Claude Opus 4.8 Released: Leads 6 of 7 Benchmarks, Same Pricing

Anthropic released Claude Opus 4.8 on May 28. Compared to the previous generation Opus 4.7, this upgrade is relatively modest, but it shows improvements across multiple core benchmarks. The pricing hasn't changed, and it comes with several new features.

Benchmark Comparison: Won 6, Lost 1

Opus 4.8 competed against its predecessor Opus 4.7, OpenAI's GPT-5.5, and Google's Gemini 3.1 Pro. Here are the results:

Benchmark	Opus 4.8	Opus 4.7	GPT-5.5	Gemini 3.1 Pro
SWE-Bench Pro (Agentic coding)	69.2%	64.3%	58.6%	54.2%
Terminal-Bench 2.1 (Terminal coding)	74.6%	66.1%	78.2%	70.3%
HLE without tools (Multidisciplinary reasoning)	49.8%	46.9%	41.4%	44.4%
HLE with tools (Multidisciplinary reasoning)	57.9%	54.7%	52.2%	51.4%
OSWorld-Verified (Computer use)	83.4%	82.8%	78.7%	76.2%
GDPVal-AA (Knowledge work)	1890	1753	1769	1314
Finance Agent v2 (Financial analysis)	53.9%	51.5%	51.8%	43.0%

On SWE-Bench Pro, Opus 4.8 scored 69.2%, 4.9 percentage points higher than Opus 4.7 and more than 10 points ahead of GPT-5.5. This was the biggest gap across all benchmarks.

The only stumble was Terminal-Bench 2.1. GPT-5.5 won with 78.2% versus Opus 4.8's 74.6%, a gap of 3.6 percentage points. If you primarily use AI for terminal coding, GPT-5.5 might still be the better choice.

Humanity's Last Exam (HLE) has two scenarios: without tools and with tools. Opus 4.8 scored highest in both, but the 49.8% score without tools itself shows how difficult these tests are — even the strongest model only got half the answers right.

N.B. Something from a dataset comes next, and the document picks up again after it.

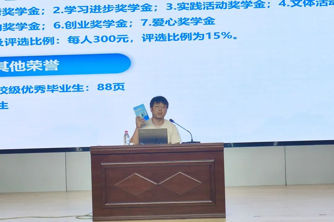 随后,赵子龙老师介绍各类奖学金申报流程和条件,鼓励新生们积极进取,努力学习,争取参评奖学金;另外,赵老师从处分种类、违纪行为和处理、处分程序等几方面介绍了学生违纪行为处理规定;最后,赵老师还从创新创业学分的含义、具体要求以及具体内容等方面介绍了创新创业学分。

GDPVal-AA (knowledge work) showed the largest gap: Opus 4.8 scored 1890, while Gemini 3.1 Pro only managed 1314, a 44% difference.

Pricing and Modes

The regular mode pricing is identical to Opus 4.7: $5 per million input tokens and $25 per million output tokens. At today's exchange rate (1 USD ≈ 6.79 CNY), that's roughly ¥34 per million input tokens and ¥170 per million output tokens.

The new fast mode runs 2.5x faster and costs $10 input and $50 output per million tokens. Anthropic says the fast mode is three times cheaper than before.

There's also a new effort control feature. Users can choose between "high" (default), "extra," and "max." On coding tasks, the high effort mode uses a similar number of tokens as Opus 4.7's default but delivers better results. For maximum performance, extra or max modes are available at the cost of more tokens.

New Feature: Dynamic Workflows

Alongside Opus 4.8, Claude Code is getting a "Dynamic Workflows" feature. Claude can launch hundreds of parallel sub-agents in a single session to handle large-scale tasks — such as migrating across hundreds of thousands of lines of code, then running tests to verify the results. Currently available only for Enterprise, Team, and Max plans.

Honesty Improvements

Anthropic specifically highlighted Opus 4.8's improvements in "honesty." Their evaluations show that Opus 4.8 is roughly four times less likely than its predecessor to let flaws in its own code go unremarked. In other words, it's more willing to say "there's a problem here" rather than pretending everything is fine.

This improvement may be more valuable in practice than benchmark scores. HN testers noted that Opus 4.8 is better at maintaining context and style consistency across long sessions, particularly useful in scenarios where "voice, taste, and technical execution all have to happen side-by-side."

Community Reaction

The HN post received 1,165 points and 144 comments. Reactions were mixed: some called it a "minor upgrade," others mocked Anthropic for "describing their own models as if they're discovering new species in the wild."

One particularly interesting comment compared the Opus series to iPhone updates — "every year since 2018 they say thinnest and fastest, but it's mostly the same and everyone buys it anyway." Others pointed out that every company cherry-picks benchmarks where they win when releasing models, calling it a "benchmark arms race."

To Anthropic's credit, they described this release as a "modest but tangible improvement" in their blog post, which is a refreshingly honest take.

What's Next?

Anthropic mentioned two things: Claude Mythos is coming soon, positioned above Opus; and Project Glasswing is developing a new class of models with intelligence beyond Opus.

For most users, Opus 4.8 is available right now, the price hasn't gone up, and performance has improved. It's a no-brainer upgrade.